You can read the full paper HERE
Reminder: Survey of ‘Magic in the Classroom’ Resources
I also wanted to signal boost that we’re still looking to collect and showcase examples of how magic is/can be used in teaching and science communication. (Big thanks to all the folks who have already been in touch!)
More details HERE, along with some examples
‘Magic’ in the News: Amazon’s Mechanical Turk-ing of ‘Just Walk In’ Shopping
Last week, Amazon reportedly began rolling back their ‘Just Walk Out’ shopping system. The system had been marketed as a sort of super-self-checkout, where customers could scan their card at the door of store, collect items from shelves, and be automatically billed for whatever they left with, all without ever interacting with a cashier or even a self-checkout machine. In past press releases, Amazon described the technology as “feeling like magic,” declaring: “The feat is a combination of computer vision, object recognition, advanced sensors, deep machine learning models, and generative AI—a type of artificial intelligence that has recently captured the public’s imagination.” The latest news of the program’s end has resulted in an increased scrutiny and some fresh attention to reporting by Theo Wayt of The Information, who had revealed last year that the seemingly automated technology actually relied on thousands of human workers in India who had to manually label video footage.
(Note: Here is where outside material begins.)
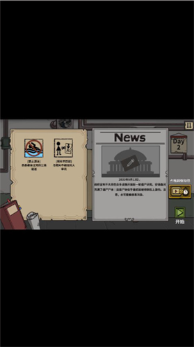 1、玩家进入游戏,首先是了解游戏背景和剧情,然后开始第一天;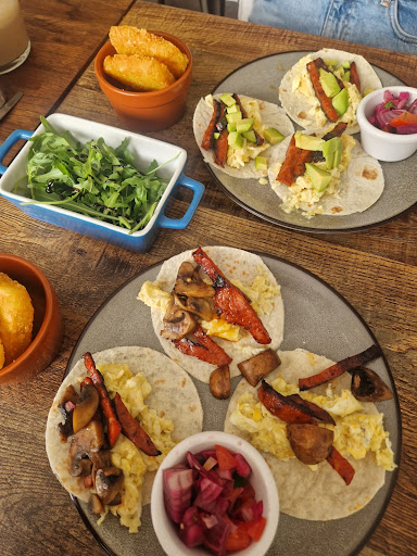 We both ordered the ābuild your own breakfast tacosā with a side of hash browns. We also both had the chorizo on them which added a perfect Spanish twist to the brunch. It was all delicious and perfectly cooked!

As of mid-2022, 70% of ‘Just Walk Out’ purchases required direct human intervention to be accurately processed (Amazon disputed this characterization but did not provide any alternative numbers regarding the efficacy of the automation). It’s a fascinating story in that it exemplifies the cycles of sensationalist hype and counter-hype around current AI discourse. On one hand, ‘Just Walk Out’ seems to have involved some genuinely novel and advanced tech, but Amazon’s push to capitalize on it’s ‘magical’ nature, while dramatically downplaying the role of humans, has lead to a very public backlash with folks now declaring that whole premise of program is a complete hoax. Even if the tech worked as the marketing materials implied, it would have still have involved a massive human undertaking on the backend to engineer and train the system. Either way, it’s great media drama about the problems of dissociating effect from method in science/tech-related communications that pleasingly evokes past stories from magic history like the automaton chess player and Maskelyne’s Psycho.